В тесной кухне на мягком седалище Тамариного Табуретуса свернулся уютным клубком кот Мята. Вскипятив Чаёвникер и заварив себе чай, Тамара одной рукой разбудила Мяту, попросив уступить место. Тот поглядел на неё равнодушно, и продолжил спать. Вздохнув, Тамара с помощью Стикера пододвинула к себе жёсткий папин Стульчакус и уселась на него.
За окном была невероятно тоскливая осенняя хмарь, а в школе ждала ненавистная литература и более-менее сносная математика. А ещё…
Рассеянно думая о предстоящем и постукивая Стикером по половицам, Тамара пропела:
— Twinkle, twinkle, little star, how I wonder what you are… Ап абаув зе ворлд со хай, лайк, а даймонд ин да ска-а-ай… Ну чего дразнишься! — фыркнула она на Мяту, который и не думал дразниться. На её обвинения он никак не отреагировал.
«Вам сколько лет, девушка?» — учтиво и саркастично поинтересовался Стикер.
«Пятнадцать, — мысленно ответила ему Тамара, не собираясь смущаться. — И тебя, уважаемая тросточка, не касается то, как я предпочитаю развлекаться. Вот когда мы с вами разорвём контракт — вот увидишь, стану бегать быстрее чем Усейн Болт».
«Ну-ну… Так ты со мной контракт и разорвёшь», — хмыкнул Стикер, от чего Тамара слегка приуныла. Но решила не показывать этого и не сдаваться.
«Да, разорву! Стану актёром. Актёршей. Актрёрэссой. Актрисой! И пусть только они попробуют не взять меня в кружок!..»
«Ну ты же знаешь, что не возьмут. Они тебя не любят», — Стикер вздохнул почти что сочувствующе. Разозлившись на него, Тамара сначала крепко сжала рукоятку, а затем отшвырнула вредную трость прочь от себя.
Она пожалела об этом спустя несколько минут, когда поднялась, опёршись о стол, и поняла, что не может сделать ни шагу.
Засопела. Потянулась рукой к лежащему в метре от неё Стикеру. Но тот, будто бы специально, лежал так издевательски близко — и издевательски недостижимо!
— Ну я тебе! — разозлившись, Тамара одними пальцами задела конец Стикера, схватилась за него, подтянула к себе, взялась за ручку и упёрлась в пол, гордо выпрямившись.
«Прости».
«Да ничего. Ты ж без меня как безногая».
С этим Тамаре, скрепя зубы, пришлось смириться.
Сколько себя помнила, Тамара всегда много чего хотела. Бегать быстрее всех, петь громче всех, выглядеть лучше всех, быть первой среди всех, играть на сцене, танцевать, пинать мяч… Вопреки этому ноги её всю её жизнь хотели только одного: болеть. И если в ранние годы Тамара кое-как это терпела, то после того, как, упав на даче со второго этажа, она повредила колени, перманентная боль стала невыносимой. Утихомирить её смогла дорогая операция — и с тринадцати лет Тамара была привязана к трости, которую сама окрестила Стикером.

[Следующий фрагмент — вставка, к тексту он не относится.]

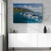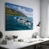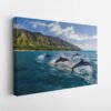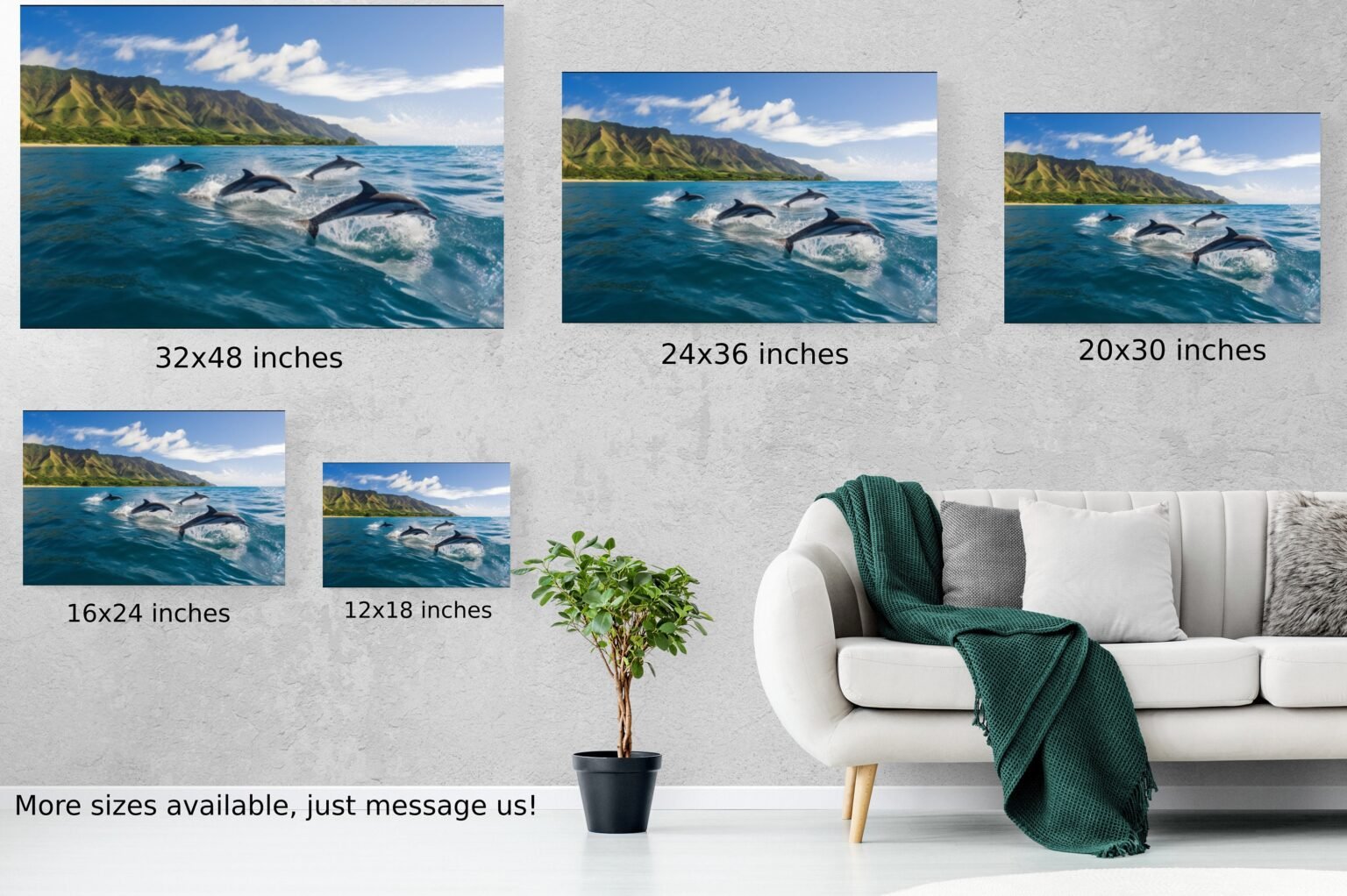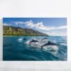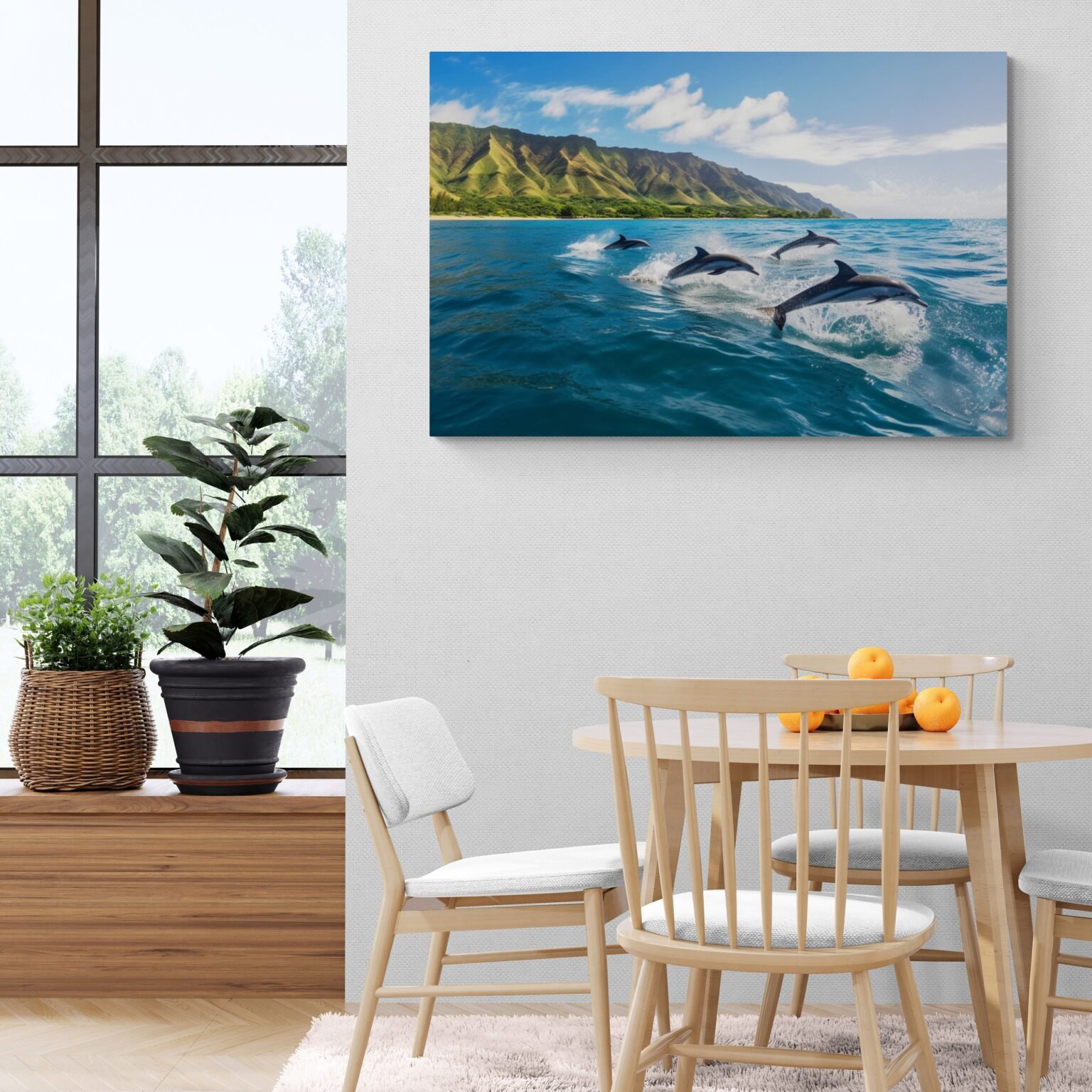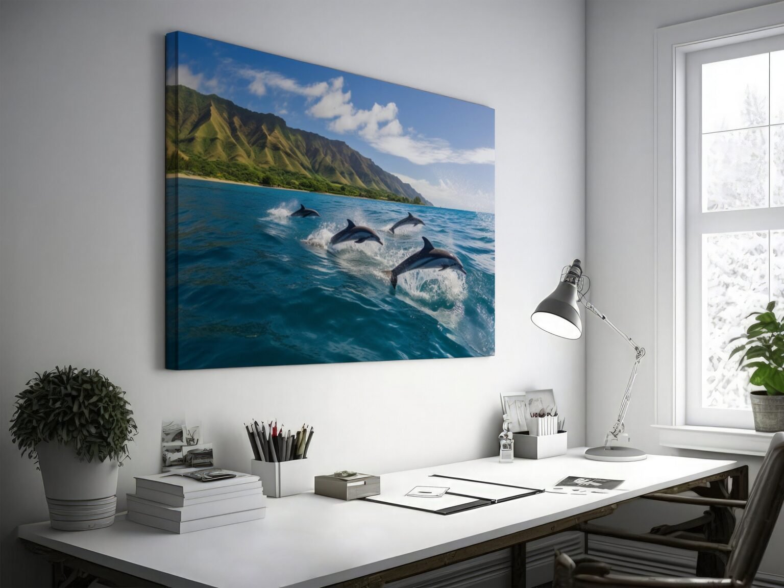 In the breathtaking Hawaiian seascape, multiple dolphins joyously leap out of the glistening turquoise water, their sleek bodies soaring gracefully against the backdrop of majestic volcanic islands and lush, verdant landscapes. Their playful dance creates a symphony of splashes amidst the stunning natural beauty of Hawaii, evoking a sense of awe and wonderment at the harmonious connection between these intelligent creatures and the picturesque environment they call home.

У Стикера, осознававшего свою важность, был ужасный характер. Он, хоть и помогал Тамаре, но любил вредничать, постоянно падал, сбегал или терялся, постоянно ёрничал и унижал её. Казалось, только отсутствие длинного языка мешало Стикеру его часто показывать. И всё же он был Тамариной опорой, её «третьей ногой».
И она не оставляла мысли, что когда-нибудь станет, как все, двуногой.
Тамара училась в хорошем классе, где за то, что она ходит с тростью, на неё просто иногда смотрели косо, но никогда не пытались отобрать трость или как-нибудь над ней поиздеваться. Тамара знала, что, окажись она в параллельном «В» или «А» классе — и ей было бы не избежать такой участи, потому что там было много хулиганов и «невыносимых кобылиц», щеголяющих на каблуках.
И всё же в родном классе друзей у неё не было. Самыми близкими для Тамары были двое людей вне школы: Задира Робби (на десяток лет старше неё) и бабушка, Ефросинья Семёновна.
Задира Робби (в мире людей — Роберт Липатов) был вовсе не задирой, а аспирантом местного университета. Судьба свела его с Тамарой совершенно случайно, и, наверное, сама не ожидала, что так будет. Робби был высоким, слегка нескладным, плохо видящим и немного бородатым программистом, увлекающимся всем подряд — музыкой, литературой, компьютерными играми, архитектурой, машиностроением и даже слегка археологией.
С Тамарой они встречались не так уж часто, потому что у Роберта в связи с огромным количеством хобби, была куча дел. И тем не менее, если бы Робби или Тамару спросили, кто у них лучший друг — они оба назвали бы друг друга, хотя ни разу в том никому не признавались. Даже разница в возрасте в больше чем десять лет им нисколько не мешала.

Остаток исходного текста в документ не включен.